Example: Savings Account

You invest $10,000 at 6% annual interest, compounded monthly, for 10 years.

A = 10,000 × (1 + 0.06/12)^(12×10)
A = 10,000 × (1.005)^120
A = 10,000 × 1.8194
A = $18,194

Your $10,000 grew to $18,194. You earned $8,194 in interest — more than 80% of your original investment.

How Compounding Frequency Affects Growth

Same example ($10,000 at 6% for 10 years), different compounding frequencies:

  • Annual compounding: $17,908
  • Monthly compounding: $18,194
  • Daily compounding: $18,221

The difference between monthly and daily is small. The big jump is from annual to monthly — frequent compounding matters most at higher interest rates and longer time periods.

The Rule of 72

A quick mental shortcut: divide 72 by the annual interest rate to estimate how many years to double your money.

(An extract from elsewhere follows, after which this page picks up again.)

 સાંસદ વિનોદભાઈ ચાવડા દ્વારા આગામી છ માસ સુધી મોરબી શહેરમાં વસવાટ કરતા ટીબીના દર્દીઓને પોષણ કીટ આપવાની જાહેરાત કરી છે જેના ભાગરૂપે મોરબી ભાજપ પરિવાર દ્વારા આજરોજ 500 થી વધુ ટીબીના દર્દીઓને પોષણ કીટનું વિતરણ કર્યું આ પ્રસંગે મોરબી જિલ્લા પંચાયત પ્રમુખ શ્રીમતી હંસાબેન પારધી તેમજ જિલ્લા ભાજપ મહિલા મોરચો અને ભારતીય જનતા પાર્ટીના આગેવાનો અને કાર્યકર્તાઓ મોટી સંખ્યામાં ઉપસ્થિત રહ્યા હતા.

  • At 6%: 72 ÷ 6 = 12 years to double
  • At 8%: 72 ÷ 8 = 9 years to double
  • At 12%: 72 ÷ 12 = 6 years to double

Compound Interest on Debt

Compound interest works against you on debt. A credit card with 24% APR compounded daily:

If you carry a $3,000 balance for 3 years without paying it off:
A = 3,000 × (1 + 0.24/365)^(365×3) = 3,000 × 2.054 = $6,163

Your $3,000 debt more than doubled in 3 years. Minimum payments often barely cover interest, keeping you in debt indefinitely.

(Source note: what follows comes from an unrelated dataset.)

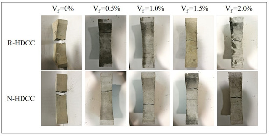 For specimens with Vf ≥ 1.0%, R-HDCC failed with multiple cracking and exhibits an observable deflection hardening; however, this phenomenon of N-HDCC is less remarkable, as shown in Figure 10c–e and Figure 11. Most of the fibers are pulled out and the whole failure process develops as follows: the stress increases in proportion to the deflection until the first crack appears, and continues to increase up to the first peak point, then it drops slightly and immediately rises again through the fiber bridging effect. Once the stress exceeds the matrix cracking strength, new cracks will appear and the stress will decrease slightly again. This process is repeated until the microcracks are saturated. Subsequently, the number of cracks no longer increases, but the width continues to increase. Finally, a localized crack opening occurs at one of the weak sections and the stress decreases continuously, causing the failure of the specimen.

The Time Factor: Why Starting Early is Everything

Investor A starts at age 25, invests $5,000/year for 10 years, then stops. Total invested: $50,000.
Investor B starts at age 35, invests $5,000/year for 30 years. Total invested: $150,000.
Both earn 7% annually.

At age 65:
Investor A: $602,070 (invested $50K)
Investor B: $472,304 (invested $150K)

Investor A invested 1/3 as much but ended up with more — solely because of the extra 10 years of compounding.